• EXTRACTED DATA
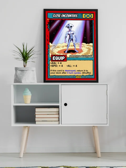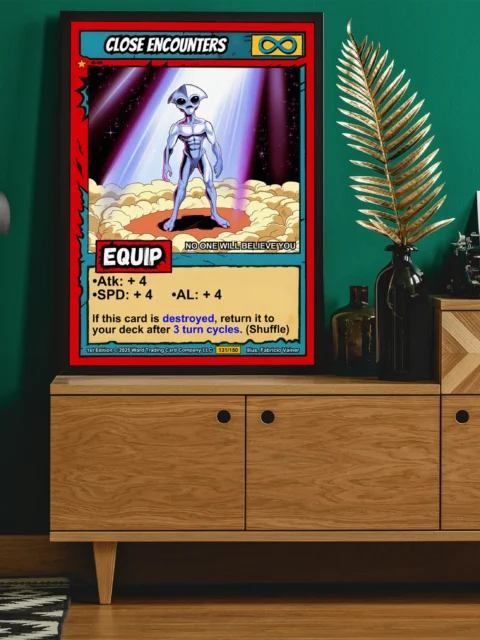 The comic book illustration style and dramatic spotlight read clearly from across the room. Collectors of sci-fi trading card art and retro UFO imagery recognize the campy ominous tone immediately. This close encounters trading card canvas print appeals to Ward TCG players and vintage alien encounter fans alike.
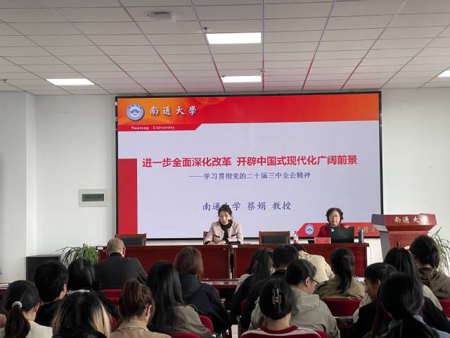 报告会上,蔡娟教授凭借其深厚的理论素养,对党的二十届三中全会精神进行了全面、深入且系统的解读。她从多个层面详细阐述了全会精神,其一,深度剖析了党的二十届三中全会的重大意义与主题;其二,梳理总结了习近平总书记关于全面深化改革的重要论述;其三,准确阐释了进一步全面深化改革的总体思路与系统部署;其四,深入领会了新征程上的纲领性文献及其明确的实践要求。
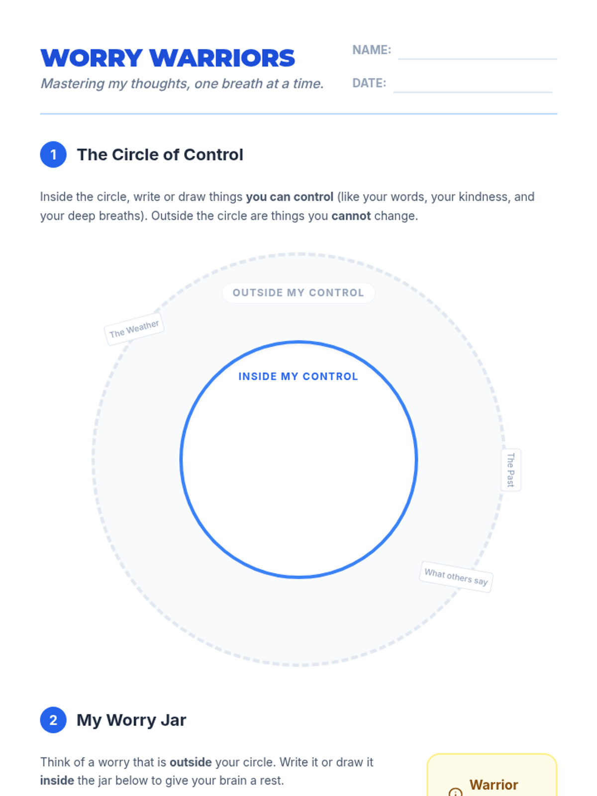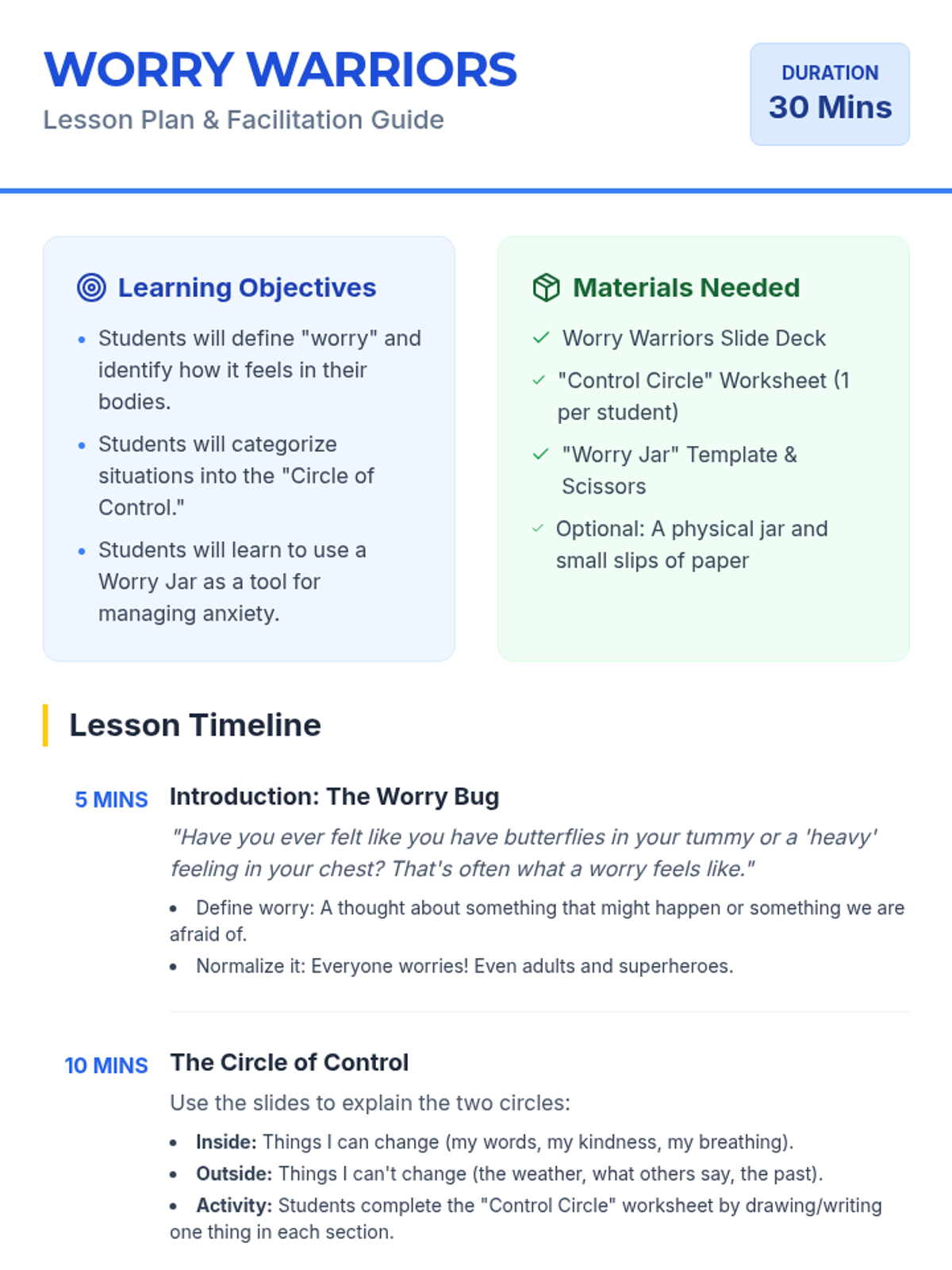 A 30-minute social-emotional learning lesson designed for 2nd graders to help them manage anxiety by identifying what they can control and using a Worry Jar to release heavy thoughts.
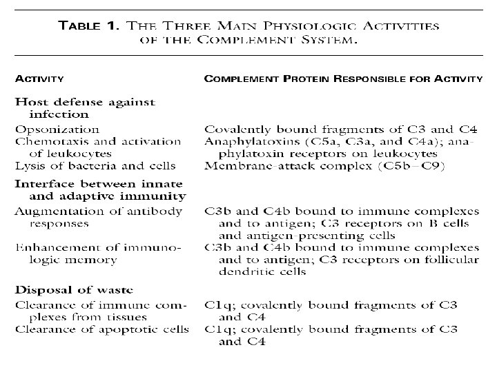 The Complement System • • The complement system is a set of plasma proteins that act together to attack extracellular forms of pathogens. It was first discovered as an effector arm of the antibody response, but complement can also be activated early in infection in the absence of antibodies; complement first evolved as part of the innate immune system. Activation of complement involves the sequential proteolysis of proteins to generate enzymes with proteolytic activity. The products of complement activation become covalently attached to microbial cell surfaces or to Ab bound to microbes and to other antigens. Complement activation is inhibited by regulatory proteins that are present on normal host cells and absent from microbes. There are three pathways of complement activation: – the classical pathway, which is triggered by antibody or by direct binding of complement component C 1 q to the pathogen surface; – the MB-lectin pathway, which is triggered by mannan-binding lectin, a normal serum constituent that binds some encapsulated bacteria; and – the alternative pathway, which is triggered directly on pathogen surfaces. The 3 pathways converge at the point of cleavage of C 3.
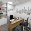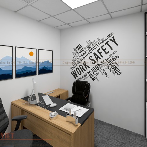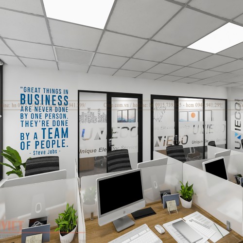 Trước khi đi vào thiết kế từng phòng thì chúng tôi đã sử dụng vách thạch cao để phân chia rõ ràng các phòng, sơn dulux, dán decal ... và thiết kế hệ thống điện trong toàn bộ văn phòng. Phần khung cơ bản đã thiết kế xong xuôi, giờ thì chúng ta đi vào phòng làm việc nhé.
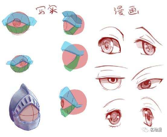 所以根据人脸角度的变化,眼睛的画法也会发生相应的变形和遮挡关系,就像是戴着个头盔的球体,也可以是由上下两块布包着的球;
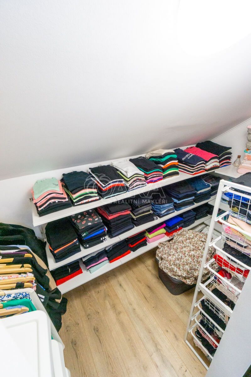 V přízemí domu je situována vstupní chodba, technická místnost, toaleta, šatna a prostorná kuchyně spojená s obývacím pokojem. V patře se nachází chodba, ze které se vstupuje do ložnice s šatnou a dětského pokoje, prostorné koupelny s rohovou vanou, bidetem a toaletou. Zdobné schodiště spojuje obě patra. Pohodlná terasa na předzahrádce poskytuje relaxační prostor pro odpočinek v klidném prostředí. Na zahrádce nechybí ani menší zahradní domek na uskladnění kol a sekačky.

--

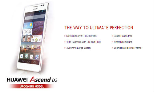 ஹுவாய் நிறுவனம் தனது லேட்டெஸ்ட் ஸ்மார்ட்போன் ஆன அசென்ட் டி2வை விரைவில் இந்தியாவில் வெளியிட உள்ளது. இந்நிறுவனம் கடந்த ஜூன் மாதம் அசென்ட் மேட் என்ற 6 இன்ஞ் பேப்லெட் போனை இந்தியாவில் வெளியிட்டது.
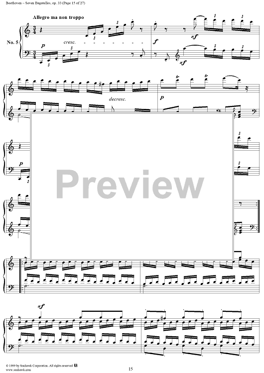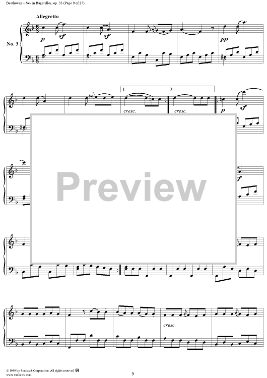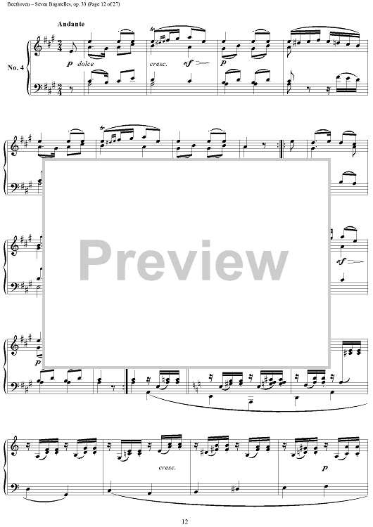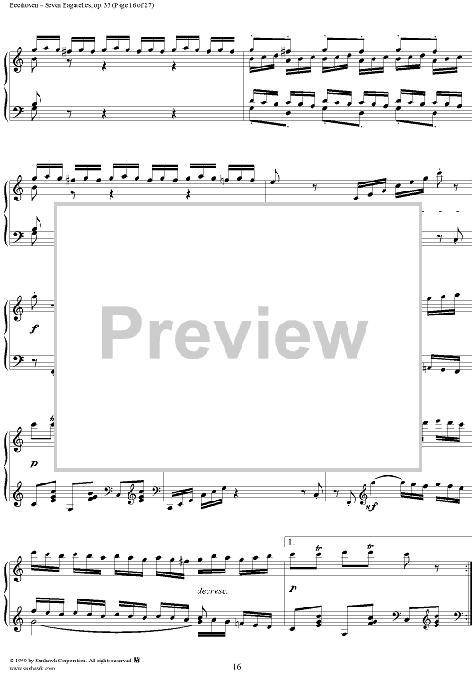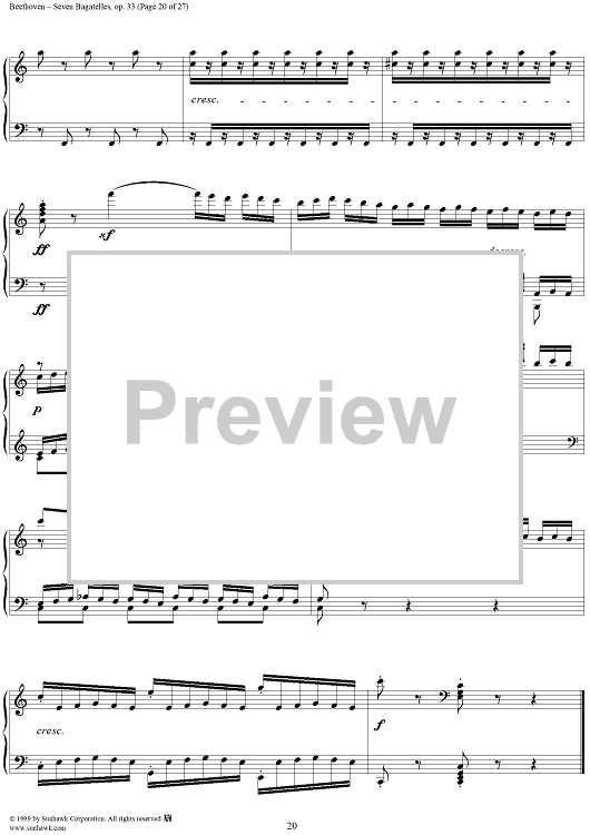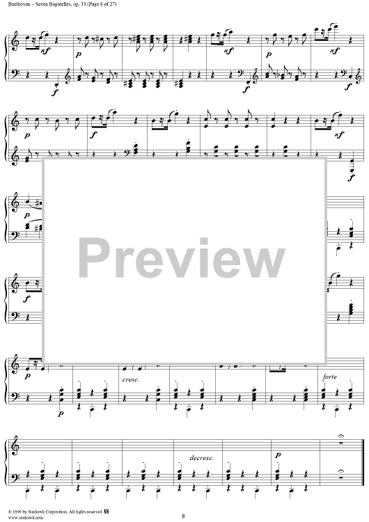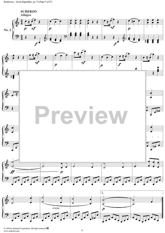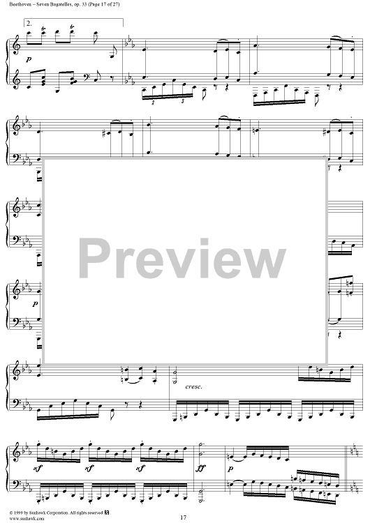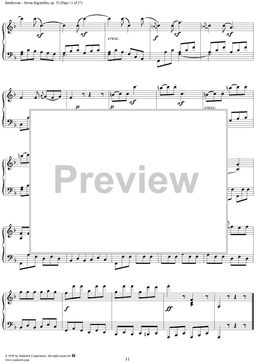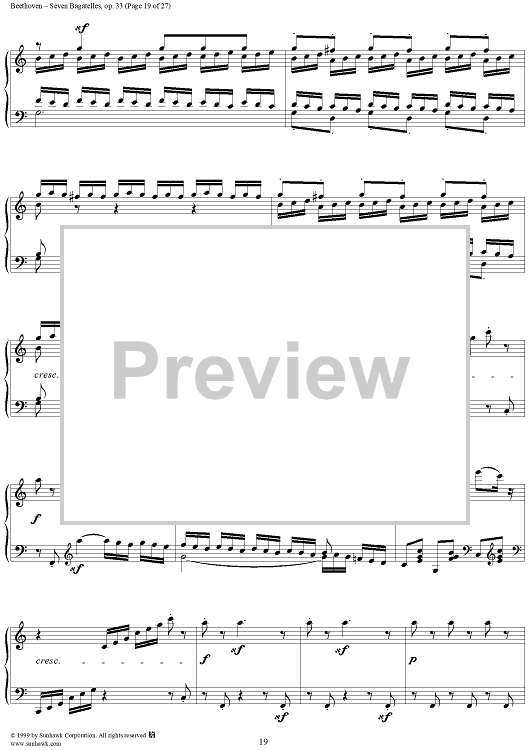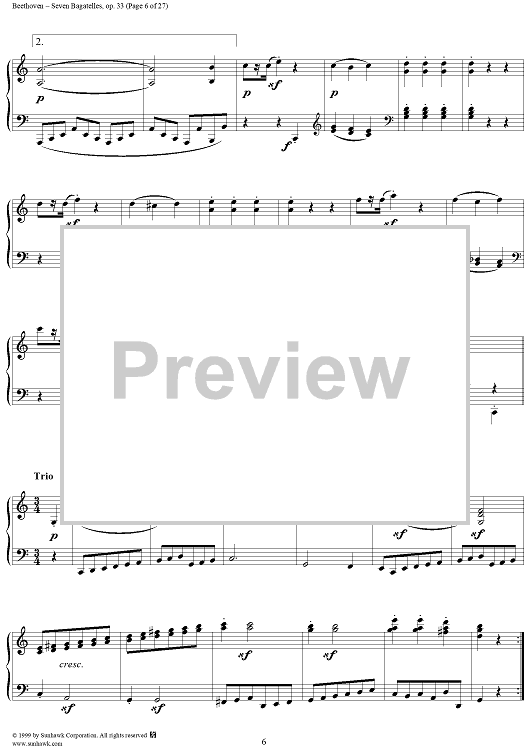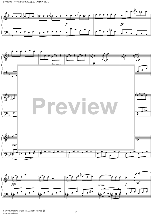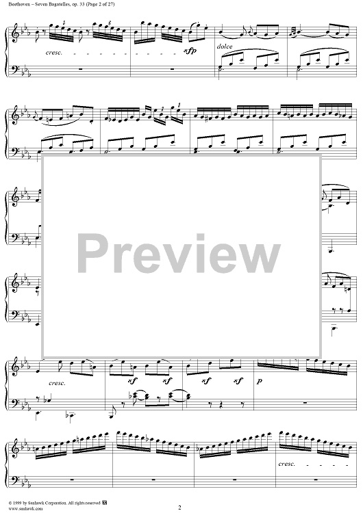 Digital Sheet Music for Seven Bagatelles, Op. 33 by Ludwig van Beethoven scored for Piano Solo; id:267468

• WORK TO COMPLETE
Because only one stretch of the records is wanted, please output the lines from the one holding "Trước khi đi" through the one holding "V přízemí domu" exactly, both included, and leave every picture out.

• FINISHED EXERCISE
 Trước khi đi vào thiết kế từng phòng thì chúng tôi đã sử dụng vách thạch cao để phân chia rõ ràng các phòng, sơn dulux, dán decal ... và thiết kế hệ thống điện trong toàn bộ văn phòng. Phần khung cơ bản đã thiết kế xong xuôi, giờ thì chúng ta đi vào phòng làm việc nhé.
 所以根据人脸角度的变化,眼睛的画法也会发生相应的变形和遮挡关系,就像是戴着个头盔的球体,也可以是由上下两块布包着的球;
 V přízemí domu je situována vstupní chodba, technická místnost, toaleta, šatna a prostorná kuchyně spojená s obývacím pokojem. V patře se nachází chodba, ze které se vstupuje do ložnice s šatnou a dětského pokoje, prostorné koupelny s rohovou vanou, bidetem a toaletou. Zdobné schodiště spojuje obě patra. Pohodlná terasa na předzahrádce poskytuje relaxační prostor pro odpočinek v klidném prostředí. Na zahrádce nechybí ani menší zahradní domek na uskladnění kol a sekačky.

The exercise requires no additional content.